Definately a very unique looking tank! I really like the look of it, almost that erie abandoned civilization feel to it. Great Work!


----------



## whitepapagold (Aug 19, 2010)

abc


----------



## EntoCraig (Jun 7, 2010)

Ok I have seen this type of thing attempted a billion times before, but I can honestly say you are the first person I have seen do it right!

This tank is incredible. Very well thought out and scaped.

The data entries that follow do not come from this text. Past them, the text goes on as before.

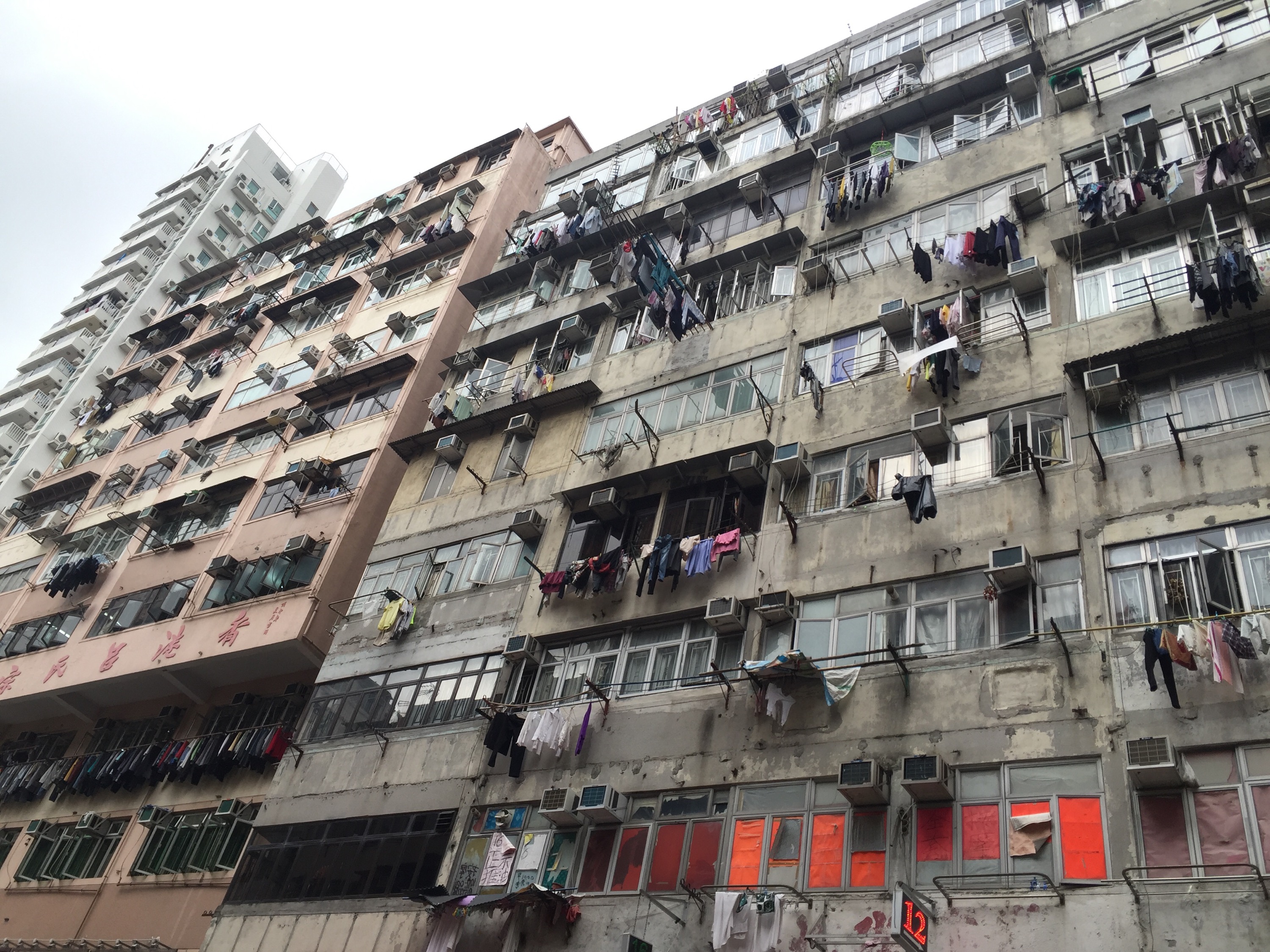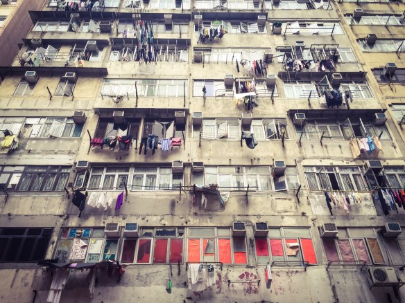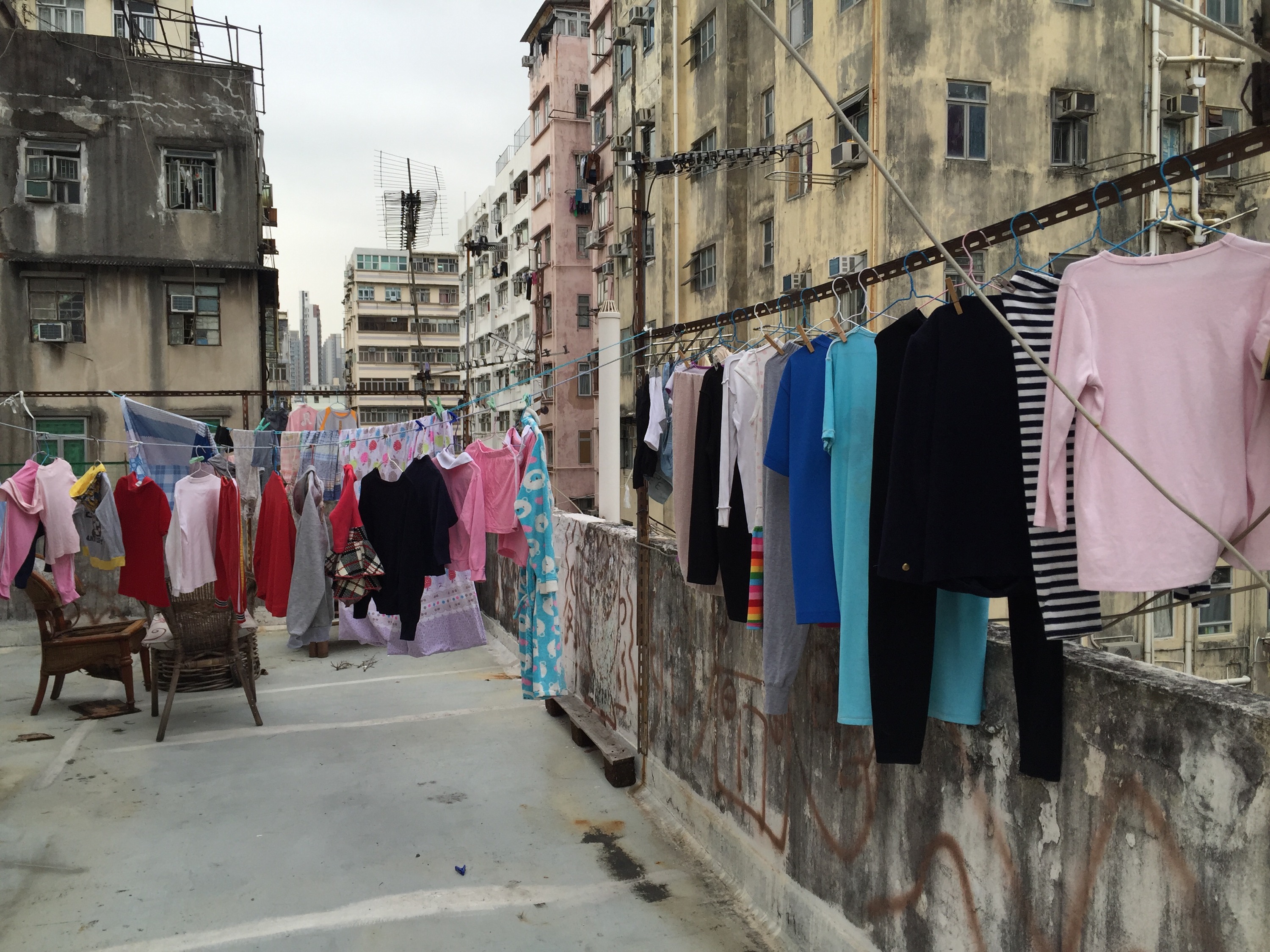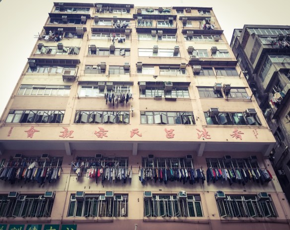 innentől a történetem nem annyira izgalmas, mert jobb híján elcsoszogtam a szemközti Two Dollar Shopba és egy rahedli színes csipesszel, illetve felakasztható csipeszelő bugyiszárító aparátummal tértem vissza. menet közben azonban teljesen mesebeli látványként terült elém a környék, minden ablakból száradó ruhák lógtak, néhol a klasszikus vállfás megoldással, néhol Európában is ismert csipeszelős módszerrel és egyes helyeken még old school módra bambusz rúdakra felhúzva. mindezt a tizenkilencedik emeleten, a légkondid mellett. a látvány egyrészt nagyon vicces volt, másrészt örömmel töltött el, mert ez volt az első dolog, amit valaha láttam HK-ból, amint kinéztem egy taxi ablakán, légkondik és embertelen magasságban száradó gatyák. akkor mondtam azt, hogy nekem ez kell. és tényleg.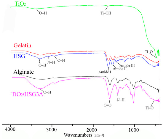 FTIR spectra of pure TiO2, gelatin, alginate, and gelatin-based hydrogel scaffolds HSG, and gelatin-/alginate-based hydrogel scaffold reinforced with TiO2 nanoparticles TiO2/HSG3A.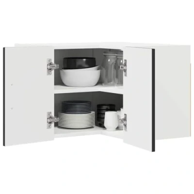 ManoManoGeneral description This Kitchen Wall Cabinet adds a modern touch to your kitchen space while offering ample storage solutions to keep your kitchen organized and tidy. Its clean lines and black frame bring a sense of minimalism and functionality, making it suitable for various kitchen decors. Perfect for storing tableware, cooking ingredients, or other kitchen essentials, this wall cabinet combines function with a sleek design, enhancing any culinary environment. Technical specifications Colour: Black Material: Engineered wood Overall dimensions: 57 x 57 x 40 cm (W x D x H) Weight: 15.27 kg Frame material: Engineered wood With 2 doors With 2 shelves Indoor use only Installation Assembly required: Yes Mounting included: Wall/ceiling fixtures - specific screws or wall plugs not included For assembly, use a screwdriver following the manufacturer's instructions. Ensure screws suited for your wall type are used during installation for stability. Usage Ideal for the kitchen, this cabinet

Im keeping my eye on this thread for sure.


----------



## whitepapagold (Aug 19, 2010)

abc


----------



## morselchip (Jan 15, 2012)

Video looks fine to me, but then I'm watching it on my phone! Thanks for posting it!


----------



## kwheeler91 (May 26, 2009)

That thing is so sweet! Love the fern on the head, looks like feathers for a headdress


----------



## Algae Beater (Jun 3, 2011)

hes a gorgeous looking bengal! looks very similar to my ocicat Max. I feed my bengals and oci's Orijen, they were born and raised on innova as i see it in the background. Innova really took a dive when PnG bought it up. my cats got really sick (very uncharacteristic) and i switched them to a simpler diet and they did multitudes better. 

oh and great tank!  

heres maxy and mojo


----------



## whitepapagold (Aug 19, 2010)

abc


----------



## carpalstunna (Mar 22, 2012)

haha, what is it with people keeping cats and fish. Seems popular. Not saying anything I have 2 cats as well (strays). Its funny mine thinks my 55 gallon is a giant fish flavored drinking fountain too. Its annoying. I could never have an open top, he would be in it. I think they also light the warmth from the lights on the hood, plus a cat can never turn down the tactical advantage of a high scouting post.


----------



## Algae Beater (Jun 3, 2011)

royal canin has a heap of rice in it, which is fine if your cat is very active, but if hes more sedate avoid any and all grains  

im glad to hear he's healing


----------



## cradleoffilthfan (Jan 19, 2009)

I love your tank. It never occured to me to build somthing like that. It's like a scene out of a movie, you get to re-live over and over everyday. Congratulations on a really fine tank. Your hard work really paid off. Good looking cat too!


----------



## whitepapagold (Aug 19, 2010)

abc


----------



## BoxxerBoyDrew (Oct 16, 2005)

WOW FREAKIN AWESOME TANK!!!!!!!!!!!!!!!

A very long time ago I saw a tank setup with petrified wood and the same type of plants, and fell in love with it! But your tank is even better than the one I saw, I think it was in a book or mag.! I have ALWAYS wanted to have my own setup, but I have not had a tank with the correct size to pull it off! That and no one had enough petrified wood either! I never would have thought of e-bay! Now I know of a place close that has a lot of pet.wood, but I still don't have the correct size tank or the $ to get one! So I am going to subscribe to this thread and hopefully I will be able to get a good sized tank and I will use Your tank as a blue print to doing it the CORRECT WAY!!!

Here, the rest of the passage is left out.